+++ RECORDED INFORMATION

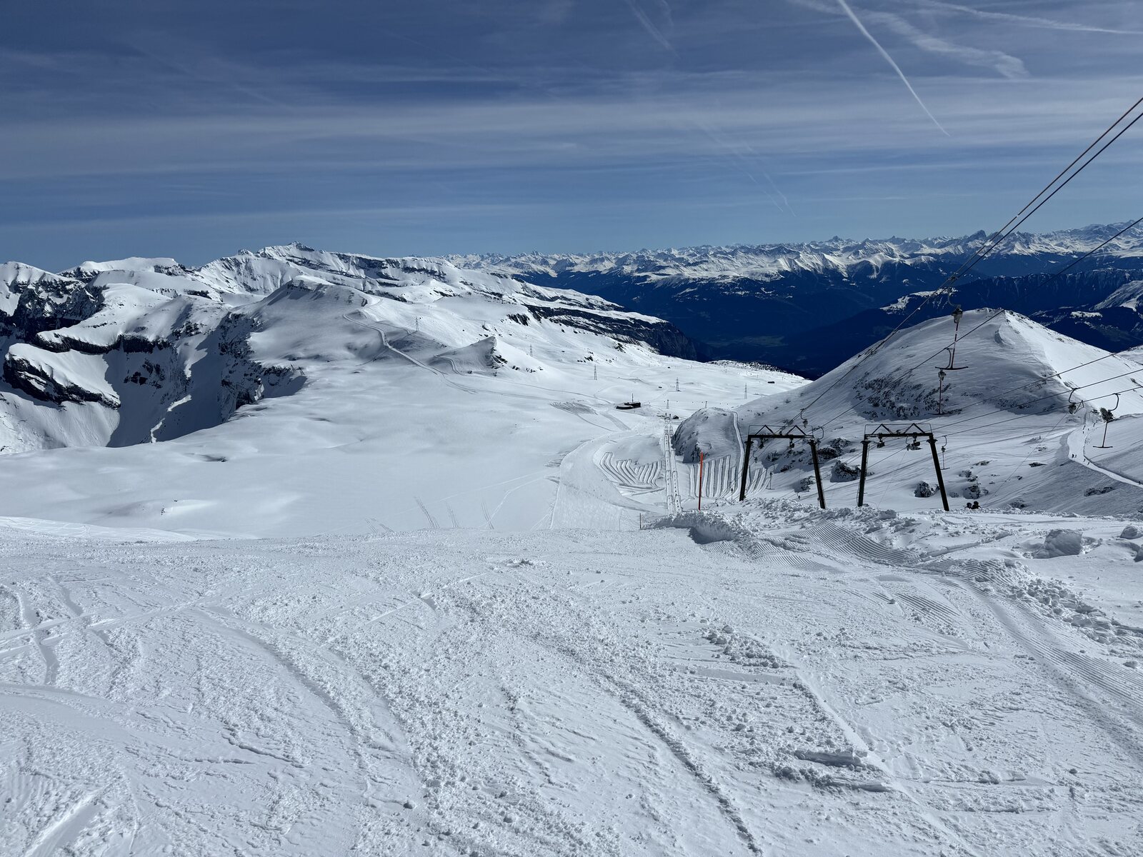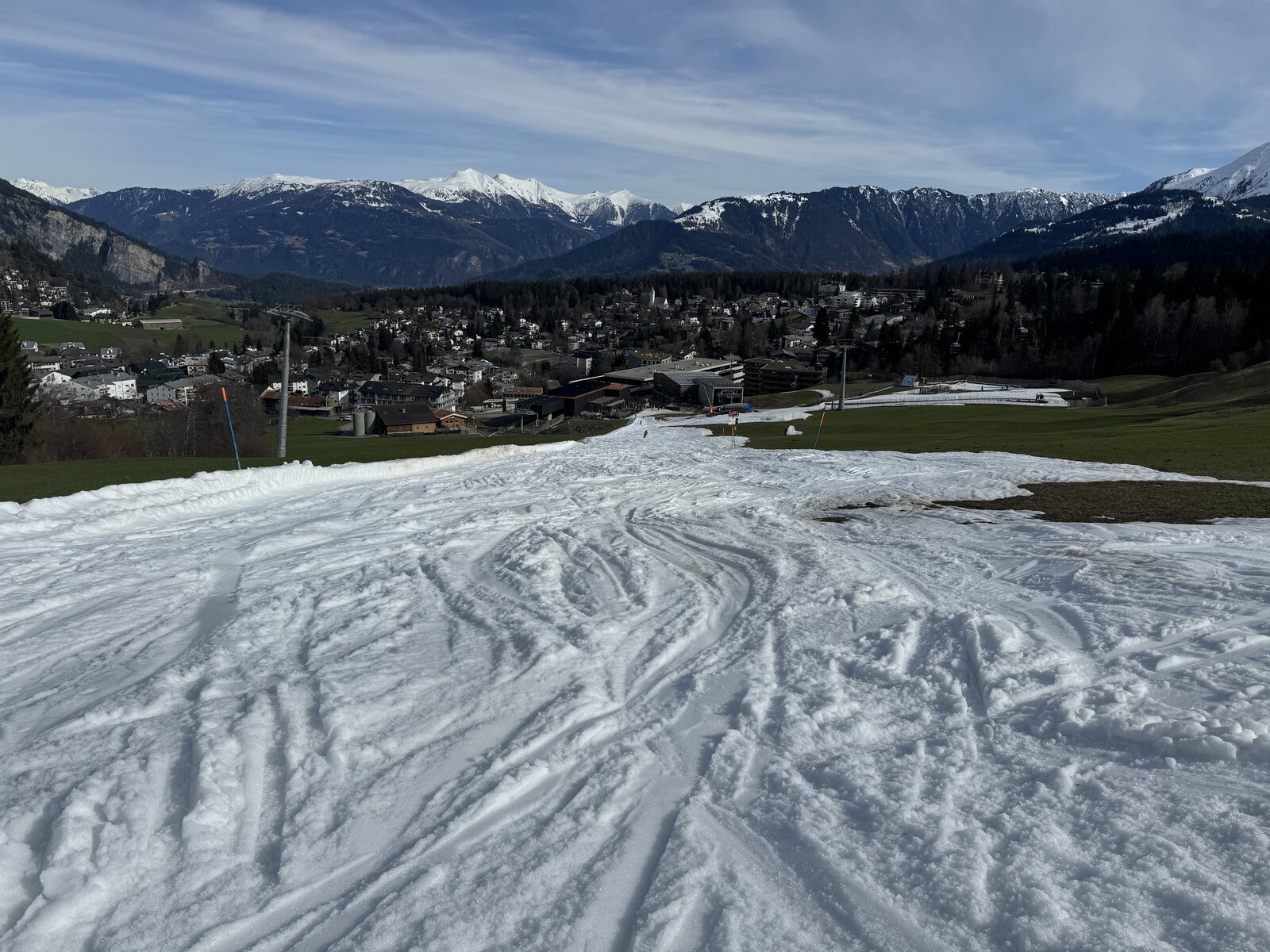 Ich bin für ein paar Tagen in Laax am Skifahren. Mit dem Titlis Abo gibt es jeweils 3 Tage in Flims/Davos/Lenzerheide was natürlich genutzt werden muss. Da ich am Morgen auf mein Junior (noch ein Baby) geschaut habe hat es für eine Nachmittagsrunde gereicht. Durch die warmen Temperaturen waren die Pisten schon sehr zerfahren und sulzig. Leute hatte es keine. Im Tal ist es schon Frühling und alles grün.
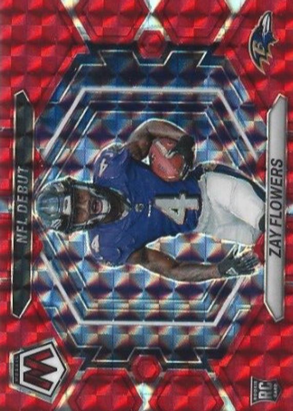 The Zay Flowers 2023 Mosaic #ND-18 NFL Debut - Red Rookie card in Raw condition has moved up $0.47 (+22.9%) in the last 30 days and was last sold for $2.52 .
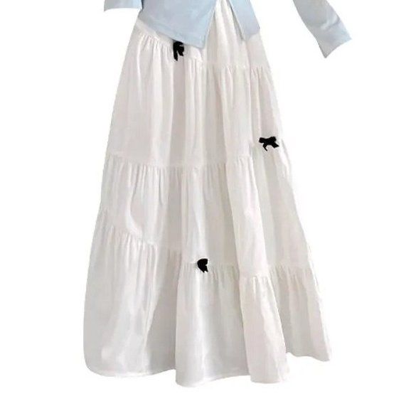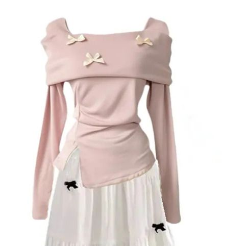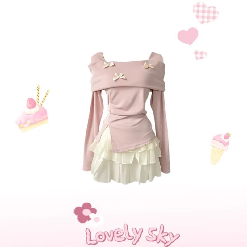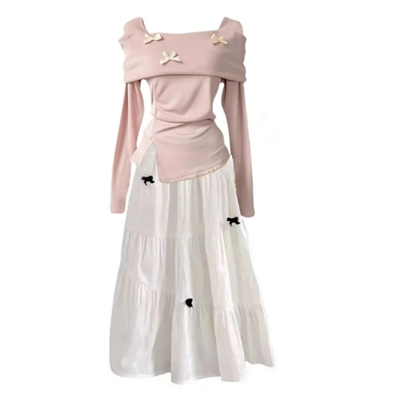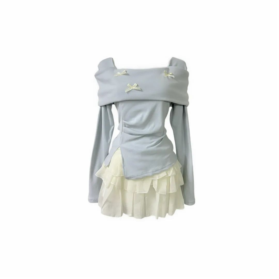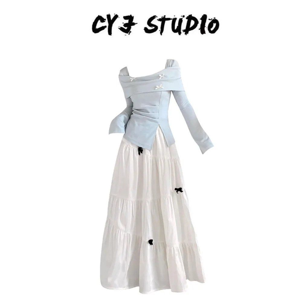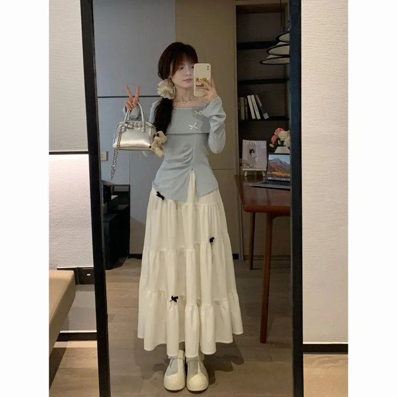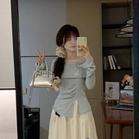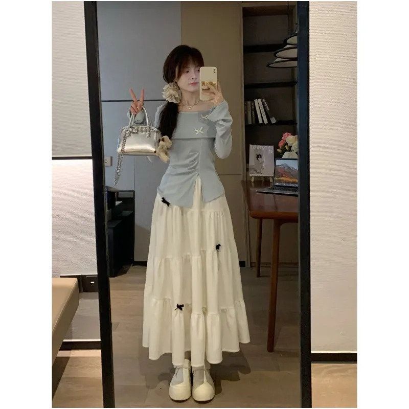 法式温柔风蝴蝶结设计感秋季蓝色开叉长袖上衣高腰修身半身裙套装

++++++

AIM OF THE EXERCISE
Reproduce the lines above exactly, image-free.

RESPONSE FOR THIS EXERCISE
 Ich bin für ein paar Tagen in Laax am Skifahren. Mit dem Titlis Abo gibt es jeweils 3 Tage in Flims/Davos/Lenzerheide was natürlich genutzt werden muss. Da ich am Morgen auf mein Junior (noch ein Baby) geschaut habe hat es für eine Nachmittagsrunde gereicht. Durch die warmen Temperaturen waren die Pisten schon sehr zerfahren und sulzig. Leute hatte es keine. Im Tal ist es schon Frühling und alles grün.
 The Zay Flowers 2023 Mosaic #ND-18 NFL Debut - Red Rookie card in Raw condition has moved up $0.47 (+22.9%) in the last 30 days and was last sold for $2.52 .
 法式温柔风蝴蝶结设计感秋季蓝色开叉长袖上衣高腰修身半身裙套装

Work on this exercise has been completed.